Я вскочила, с грохотом рванув за собой парту. В классе почему-то не засмеялись. Варварины кулаки уперлись в стол, а глаза уперлись в меня. Голос стал пронзительно ласков: "Подойди, Петровская." Ее очки, лежавшие на столе, радостно испускали солнечных зайчиков. Лак на ее сумочке потрескался, а из авоськи на подоконнике сиротливо выглядывала мокрая карпья башка. Я шла по рыжему проходу между партами, глядя прямо в неулыбчивые глаза уснувшей рыбы, и вспоминала, как давно, когда мы жили еще в том старом доме, поутру распахивающем все свои окна, а к вечеру зажигающем их, в большой квартире с картинами и фигурным паркетом, в детстве, которое вполне могло быть прелюдией к дальнейшему счастью, и прямо за воротами находились молочная, булочная, кондитерская, овощной был как овощной, а гастроном как гастроном, и располагались они не в отдельных кургузых стекляшках, а занимали первые этажи соседних домов, так вот, там был еще и рыбный, где посреди пропахшего солью зальчика стоял мраморный бассейн с зеленоватой водой, в которой плавали большие, фольговые, мрачные карпы с удивленными лицами. Мы с папой сперва сдавали бутылки, а потом - туда, покупали на "бутылочные" деньги рыбу или рыб - ну, сколько было бутылок, шли в ближайший парк ( о, в детстве все было так близко! ) и выпускали их в реку. "Может, это тебя мы спасли. А теперь тебя словили. Тебя словила Варварварра..."

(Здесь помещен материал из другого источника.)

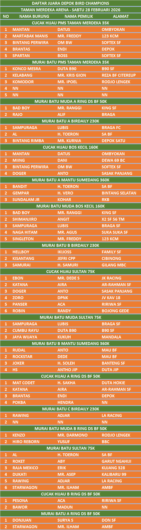 DAFTAR JUARA DEPOK BIRD CHAMPIONS – TAMAN MERDEKA ARENA – SABTU 28 FEBRUARI 202628 February 20260Share Tags:burung berkicauDunia burungDunia KicauHobi BurungJadwal LombaKicau Burungkicau maniaLomba BurungMURAI BATUthe authorAwal SaputraLeave a reply Leave a Reply Cancel replyWrite your comment hereName Email Website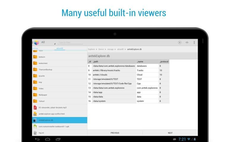 - Build-in penampil untuk teks, gambar, file video dan editor teks, zip penampil, penampil apk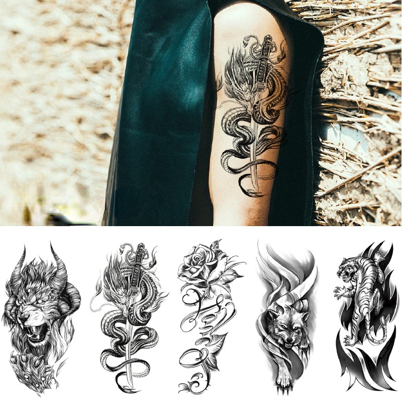 Sdrawing Tattoo Stickers Animal Tatoo Sticker Flying Dragon Wolf Head Tiger Dream Catcher Fake Tatto Body Art Makeup Stickers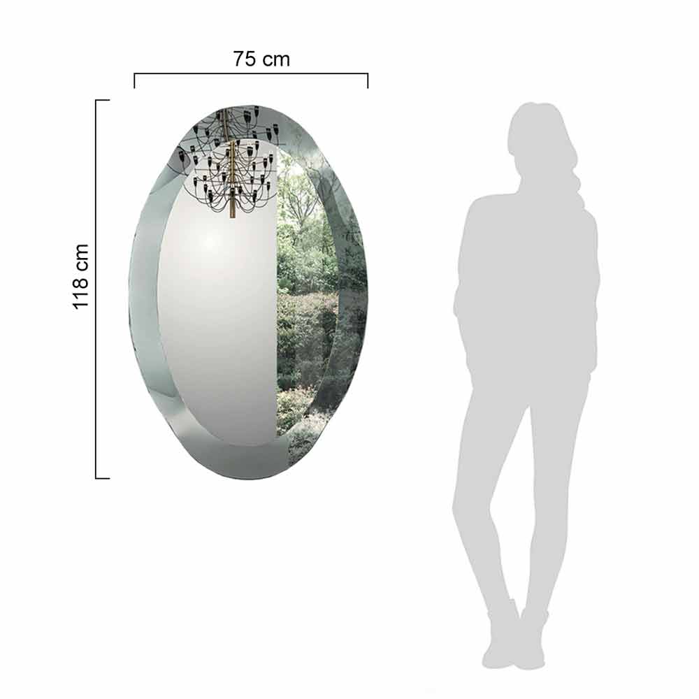 Ovale wandspiegel gemaakt in Italië met binnenspiegel en 6 mm gebogen glazen frame in spiegelkristalafwerking .

Я опомнилась, когда Варварра схватила меня за ворот красной рубашки и рванула. Где-то под собой я видела широкий пробор в жидких волосах и тщедушную фичку на затылке. Потом я испугалась, что она порвет непрочную летучую вискозу, поймала ее судорожную руку и опустила вниз. Варварварра подпрыгнула и, выдернув из рукава, как фокусник, мужской клетчатый платок, низко зарыдала.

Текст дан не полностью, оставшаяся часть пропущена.